## INSTRUCTIONS TO FOLLOW
With the pictures omitted, transcribe each line below exactly as it is.

*** COLLECTED MATERIAL ***

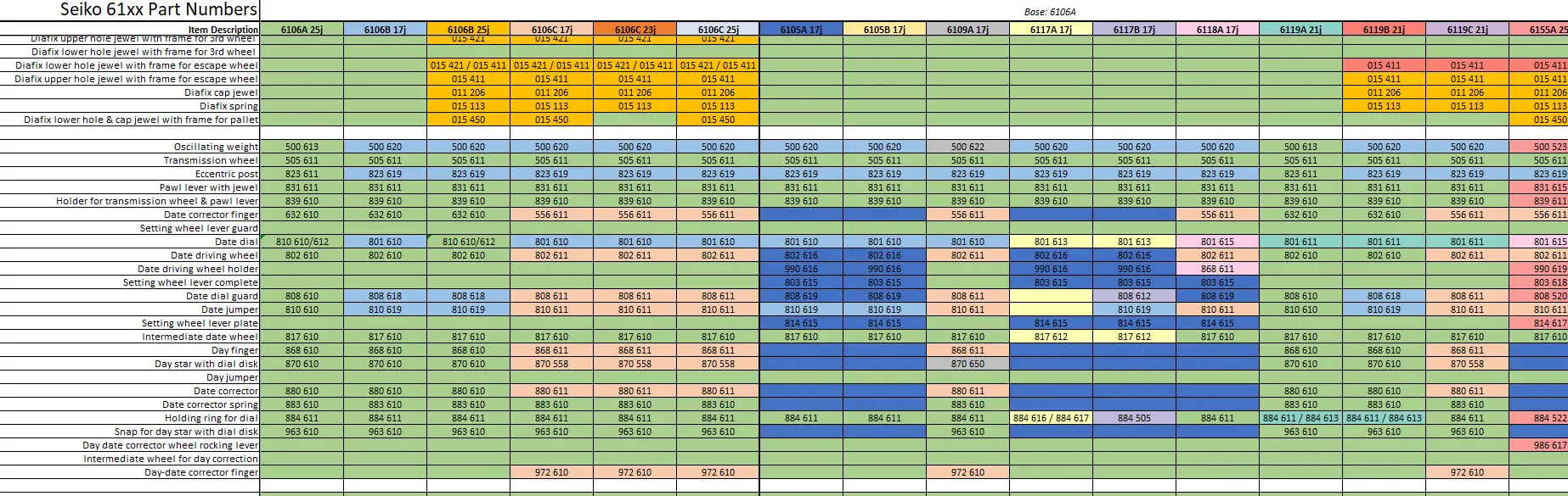 ·I'm hoping someone here can help me or can point me in the right direction. I am in need of a complete automatic works for a Seiko 6106B movement as the one I had got miss placed somehow. If someone has a complete works or a donor movement that's not running ,but has a good automatic works, and is able to part with it, please let me know. Or, if there is a works from another 61xx series movement that will fit, please let me know.
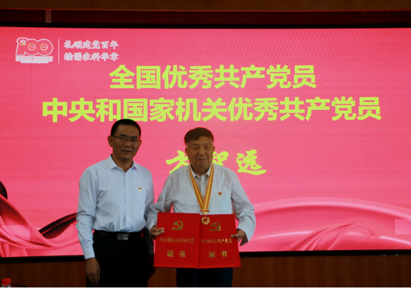 在专题组织生活会正式召开前,举行了“两优一先”表彰和颁奖仪式。张合成书记和黄伟忠组长分别向“全国优秀共产党员”方智远同志和“中央和国家机关先进基层党组织”组织蔬菜花卉所第二党支部颁发奖章证书和奖状。随后,张扬勇代表支部作上半年工作汇报和检视,详细介绍了支部和所在团队的党建工作、科研业务、成果转化工作开展情况,并对存在的问题及整改措施进行了检视和梳理。支部党员按照要求逐一发言,对照党史学习教育目标要求,谈感想、查问题,开展批评与自我批评。
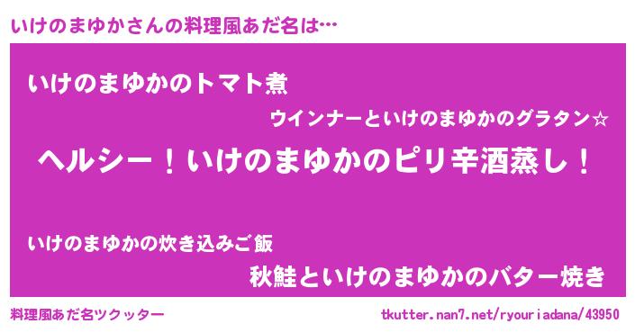 | 男性向けラノベタイトル風あだ名 | 『Re:いけのまゆかから始める異世界生活』 |
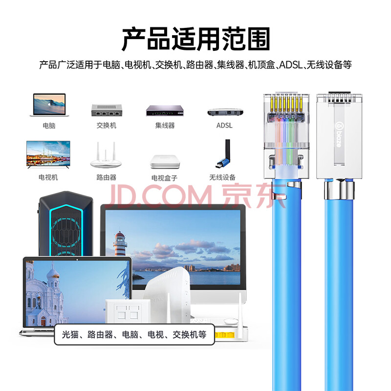 商品相册:毕亚兹 七类网线屏蔽水晶头 7类万兆网络接头 镀金工程级RJ45电脑网线连接器 CAT7两件式接头 5个第

***

## RESULT FOR THIS TASK
 ·I'm hoping someone here can help me or can point me in the right direction. I am in need of a complete automatic works for a Seiko 6106B movement as the one I had got miss placed somehow. If someone has a complete works or a donor movement that's not running ,but has a good automatic works, and is able to part with it, please let me know. Or, if there is a works from another 61xx series movement that will fit, please let me know.
 在专题组织生活会正式召开前,举行了“两优一先”表彰和颁奖仪式。张合成书记和黄伟忠组长分别向“全国优秀共产党员”方智远同志和“中央和国家机关先进基层党组织”组织蔬菜花卉所第二党支部颁发奖章证书和奖状。随后,张扬勇代表支部作上半年工作汇报和检视,详细介绍了支部和所在团队的党建工作、科研业务、成果转化工作开展情况,并对存在的问题及整改措施进行了检视和梳理。支部党员按照要求逐一发言,对照党史学习教育目标要求,谈感想、查问题,开展批评与自我批评。
 | 男性向けラノベタイトル風あだ名 | 『Re:いけのまゆかから始める異世界生活』 |
 商品相册:毕亚兹 七类网线屏蔽水晶头 7类万兆网络接头 镀金工程级RJ45电脑网线连接器 CAT7两件式接头 5个第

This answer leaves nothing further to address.